Les cosmonautes ne font que passer d’Elitza Gueorguieva 3,5/5 (18-08-2018)
Les cosmonautes ne font que passer (184 pages) est sorti le 25 Août 2016 aux Editions Verticales. Depuis le 7 juin 2018, il est disponible au format poche chez Folio (192 pages).
L'histoire (éditeur) :
«Ton grand-père est communiste. Un vrai, te dit-on plusieurs fois et tu comprends qu’il y en a aussi des faux. C’est comme avec les Barbie et les baskets Nike, qu’on peut trouver en vrai uniquement si on possède des relations de très haut niveau. Les tiennes sont fausses…»
Ce premier roman a trouvé le ton elliptique et malicieux pour conjuguer l’univers intérieur de l’enfance avec les bouleversements de la grande Histoire. Grâce à la naïveté fantasque de sa jeune héroïne, Les cosmonautes ne font que passer donne à voir comment le politique pénètre la vie des individus, détermine leurs valeurs, imprègne leurs rêves, et de quelle manière y résister.
Mon avis :
Les cosmonautes ne font que passer est le récit de la vie d’une jeune fille (d’abord fillette de 7 ans puis adolescente de 13 ans) dans la Bulgarie des années 80 (puis 90) fan de Youri Gagarine, rêvant de devenir cosmonaute (comme son idole), même son cousin Andreï lui annonce l’impossibilité de la chose (forcément, c’est une « pisseuse) et que les évènements et différentes révélations ne jouent pas en sa faveur…
Mais plus tard, le mur de Berlin tombe entraînant avec lui la chute du communisme, Kurt Cobain prend la place du héros russe et les changements (ou plutôt bouleversements tel que le Père-Gel qui devient le Père-Noël) transforment radicalement le pays, à l’image de l’épicerie Soleil en bas de chez elle…
« Toi-même tu est perdue dans ce monde ou le Coop-Cola est devenu du Coca-Cola et le yaourt Bulgare Danone. Tu as notamment du mal à reconnaître ta rue qui ne porte plus le nom du chemin des Eglantines et où l’épicerie soleil en bas de chez toi est devenu une boutique de GSM, puis une banque grecque, puis une banque américaine, puis une banque russe, puis une pharmacie, puis une boutique de robes de mariées, puis une boutique de matelas, enfin un club de cassettes piratées et sex-shop au fond à droite. Tu comprends que ça soit déstabilisant pour ton grand-père communiste brave qui depuis la fin du fascisme avait vécu dans une environnement plus stable que cela. Tu décides de na pas t’inquiéter, pour le moment, la vie est déjà assez déroutante comme ça. » Page 159-160 version poche Folio.

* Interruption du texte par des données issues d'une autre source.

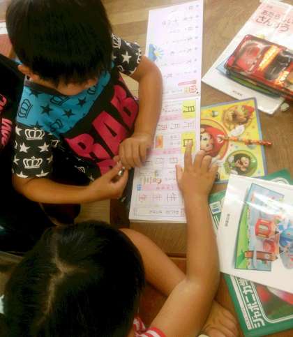 1年生の国語で、漢字学習に取り組んでいます。ドリルを活用して、新出漢字を覚えています。
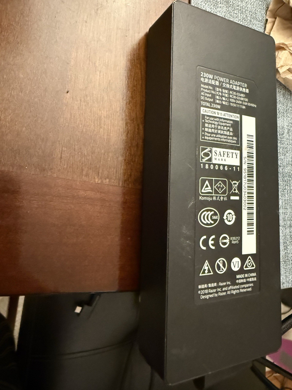 как выглядит Used OEM 230W RC30-024801 AC Adapter Charger for Razer Blade 14" 15" 17" RTX фото
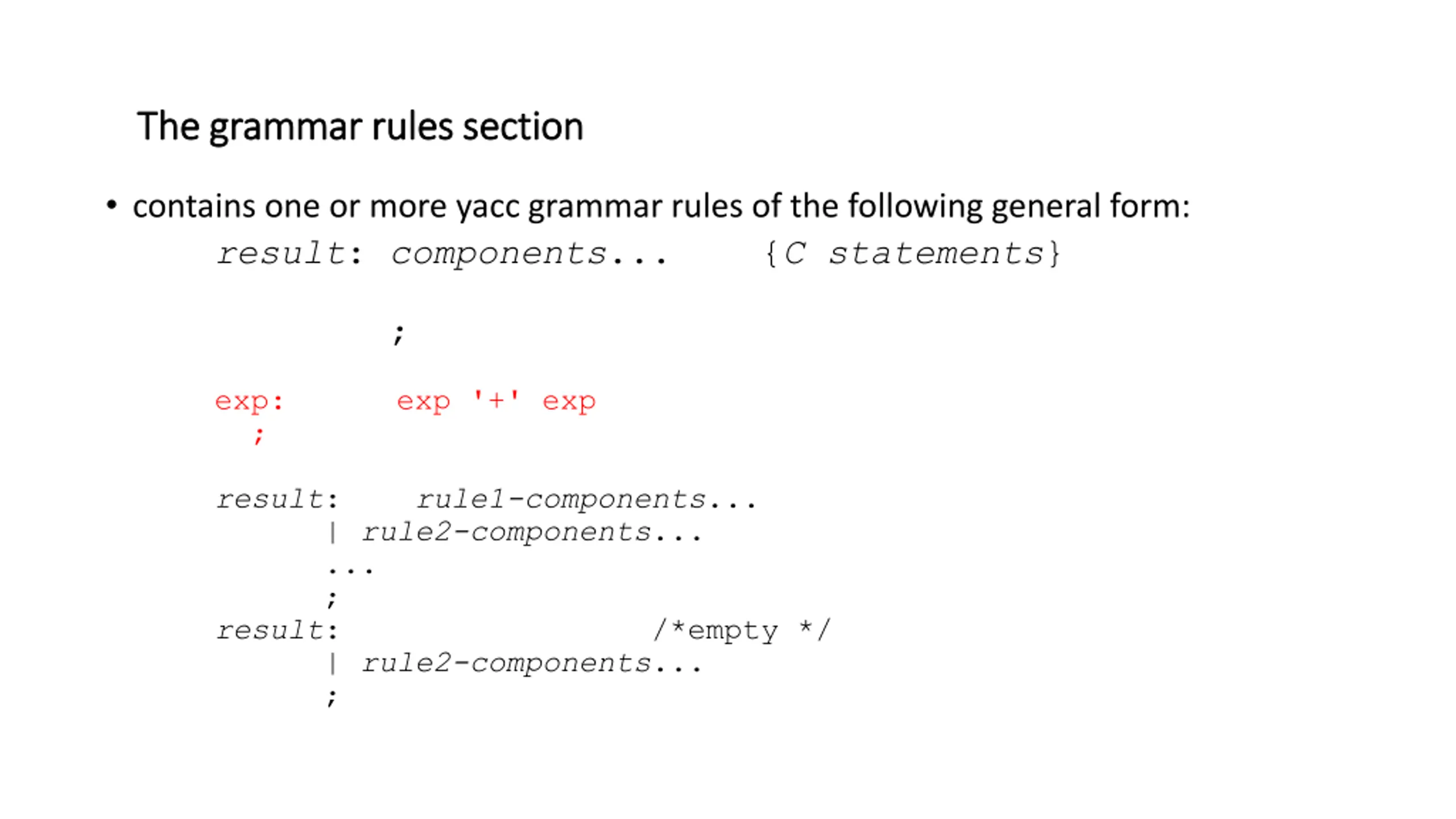 The grammar rules section The grammar rules section contains one or more yacc grammar rules of the following general form: result: components... {C statements} ; ; exp: exp '+' exp result: rule1-components... | rule2-components... ... ; result: | rule2-components... ; /*empty */

C’est donc à travers cette fillette qu’Eliza Gueorguieva nous fait vivre les bouleversements qu’a connu la Bulgarie (durant le régime autocratique de Todor Jivkov puis au moment de la fin du régime communiste et l’arrivée de la démocratie). Même si le style a quelque chose d’enfantin, il traduit parfaitement l’état d’esprit de l’époque. L’auteure use de répétitions (aussi bien dans les mots que dans les idées) et réussit, grâce à ces touches d’humour (comique de répétition) et de naïveté à ne pas alourdir son récit.
Les cosmonautes ne font que passer est une lecture qui m’a semblé « subie », n’arrivant pas à entrer véritablement dedans malgré le bonheur des phrases, la narration drôle et souvent frappante de réalisme. Et puis, arrivée au bout, j’ai eu un petit pincement au cœur de quitter cette héroïne, presque même le cœur serré, comme si finalement je m’étais attachée à ce personnage dont on ne saura jamais le prénom et que seul le Tu désignera.
C’est une lecture qui je pense restera (et c’était loin d’être gagné au début) un bon moment en moi. J’ai découvert la Bulgarie, son histoire récente, son peuple et un jeune fille pleine de rêves, bercée au communisme et puis au capitalisme. C’est en réalité une bonne lecture pour laquelle il ne faut pas s’arrêter au style un peu particulier car en réalité il trouve une fluidité naturelle qui en fait aussi son charme.